A precise copy of the data is required, with every picture left out.

Collected data entries:
——
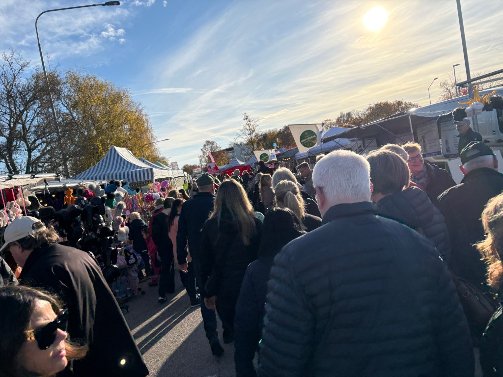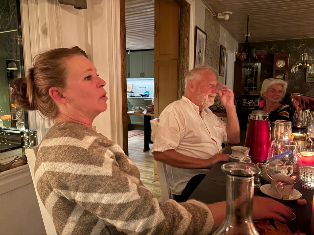 Han: … och som om inte allt detta vore nog! Dessutom har vi firat Torsås Nationaldag.Denna årliga Marknad med stort M, när hon går i barndom (om än med solglasögon) och vi därför alltid först tränger oss fram till ståndet med Mariannelunds konfektyr.
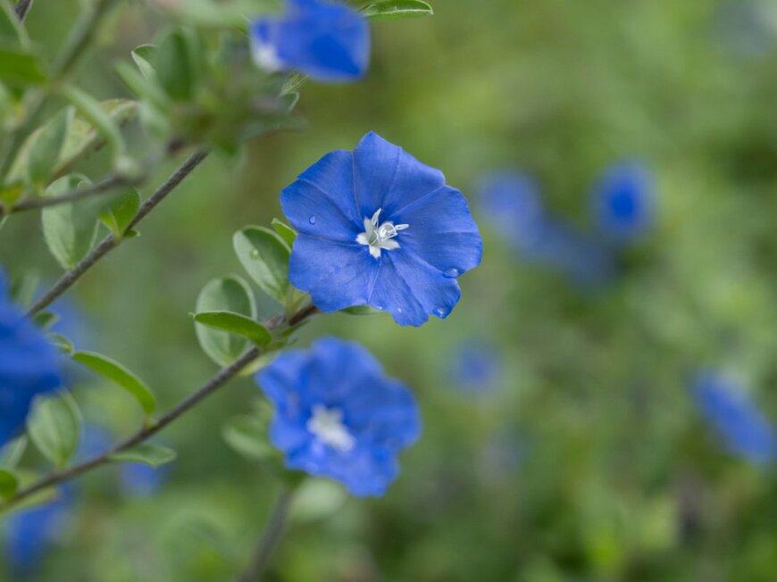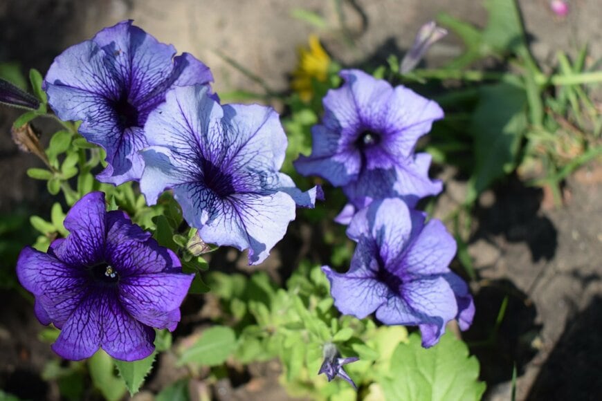 ペチュニアの足元にはブルーの花が咲くエボルブルスや、淡いパープルの花が咲くバコパ、あるいは斑入りのグリーン系リーフプランツなどを植えてみます。後方にはサルビアなど、草丈の高い草花を配置します。
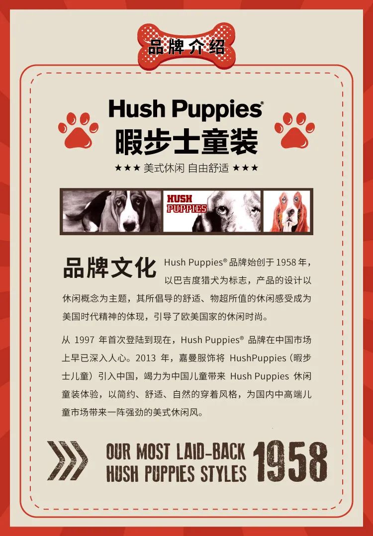 从1997年登陆到现在,Hush Puppies品牌在国内市场上早已深入人心。2013年,嘉曼服饰将Hush Puppies Kids(暇步士儿童)引入国内,竭力为国内儿童带来美式的Hush Puppies休闲童装体验,以简约、舒适、自然的穿着风格,为国内中高档儿童市场带来一阵强劲的美式休闲风。
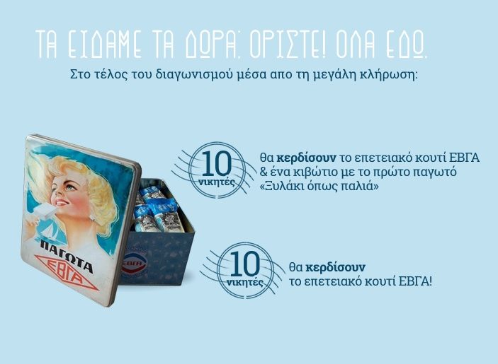 Η ΕΒΓΑ διοργανώνει διαγωνισμό και σας δίνει τη δυνατότητα να κερδίσετε σε 10 τυχερούς να κερδίσουν το επετειακό κουτί ΕΒΓΑ & ένα κιβώτιο με το πρώτο παγωτό «Ξυλάκι όπως παλιά»
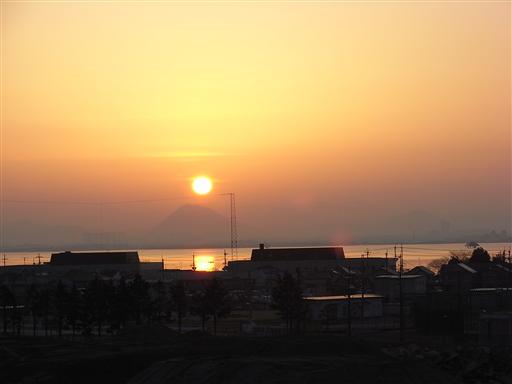 車窓からは琵琶湖の向こうに日が昇るのが見える。
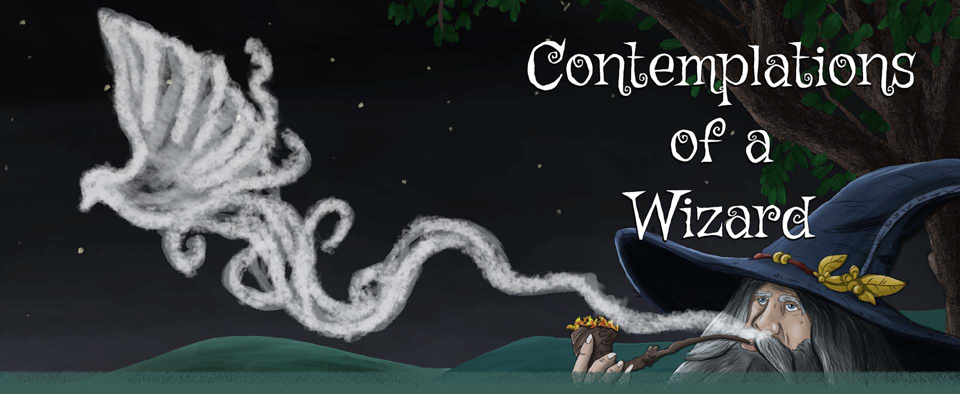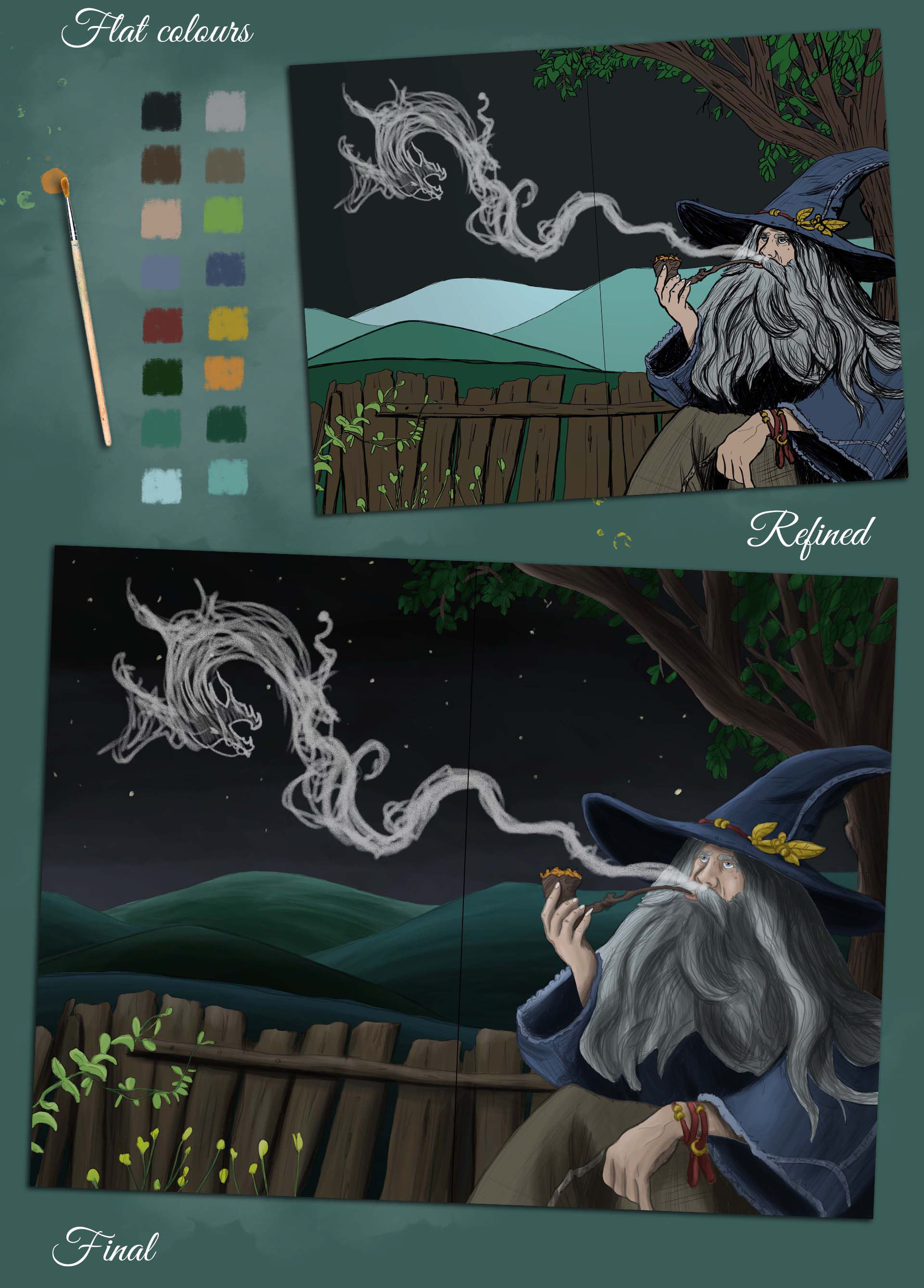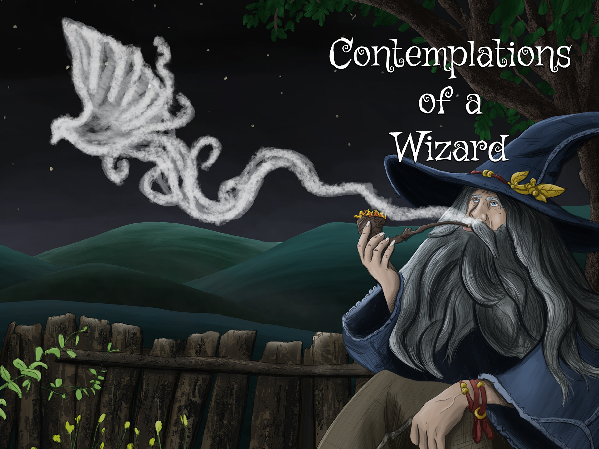 In this project I was contracted to illustrate a book cover of a wizard deep in thought, looking up to the stars and smoking a pipe. I wanted the illustration to look somewhat hand-sketched and use earthy colours to bring it all together.
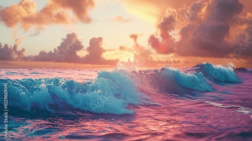 A Blue Wave Crashing Against a Pink Sunset Sky
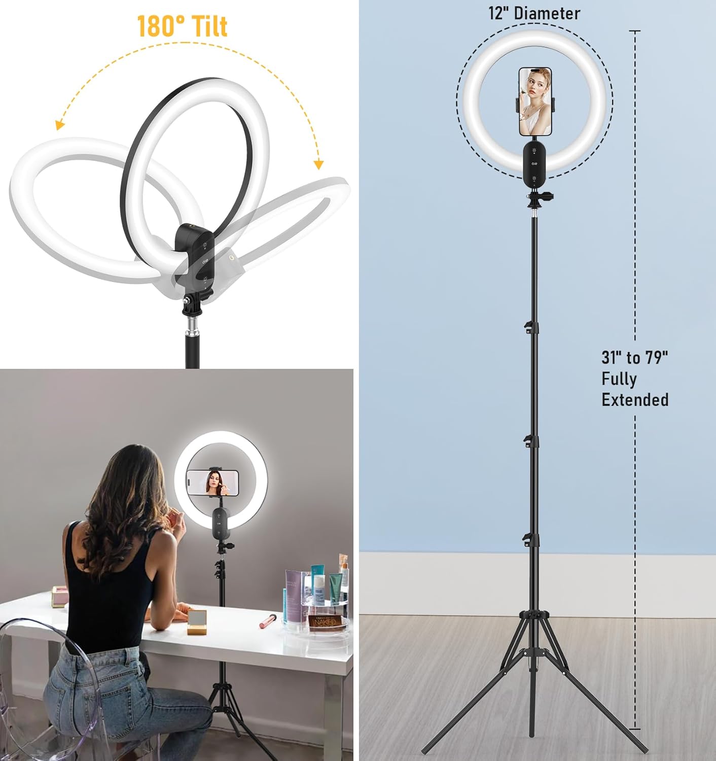 | BuiltIn Media | 1 x 12 inch selfie ring light, 1 x A/C plug adapter, 1 x User manual, 1 x remote shutter, 1 x remote controller, 1 x tripod stand, 1 x phone holder |
——
Task solution:
 Han: … och som om inte allt detta vore nog! Dessutom har vi firat Torsås Nationaldag.Denna årliga Marknad med stort M, när hon går i barndom (om än med solglasögon) och vi därför alltid först tränger oss fram till ståndet med Mariannelunds konfektyr.
 ペチュニアの足元にはブルーの花が咲くエボルブルスや、淡いパープルの花が咲くバコパ、あるいは斑入りのグリーン系リーフプランツなどを植えてみます。後方にはサルビアなど、草丈の高い草花を配置します。
 从1997年登陆到现在,Hush Puppies品牌在国内市场上早已深入人心。2013年,嘉曼服饰将Hush Puppies Kids(暇步士儿童)引入国内,竭力为国内儿童带来美式的Hush Puppies休闲童装体验,以简约、舒适、自然的穿着风格,为国内中高档儿童市场带来一阵强劲的美式休闲风。
 Η ΕΒΓΑ διοργανώνει διαγωνισμό και σας δίνει τη δυνατότητα να κερδίσετε σε 10 τυχερούς να κερδίσουν το επετειακό κουτί ΕΒΓΑ & ένα κιβώτιο με το πρώτο παγωτό «Ξυλάκι όπως παλιά»
 車窓からは琵琶湖の向こうに日が昇るのが見える。
 In this project I was contracted to illustrate a book cover of a wizard deep in thought, looking up to the stars and smoking a pipe. I wanted the illustration to look somewhat hand-sketched and use earthy colours to bring it all together.
 A Blue Wave Crashing Against a Pink Sunset Sky
 | BuiltIn Media | 1 x 12 inch selfie ring light, 1 x A/C plug adapter, 1 x User manual, 1 x remote shutter, 1 x remote controller, 1 x tripod stand, 1 x phone holder |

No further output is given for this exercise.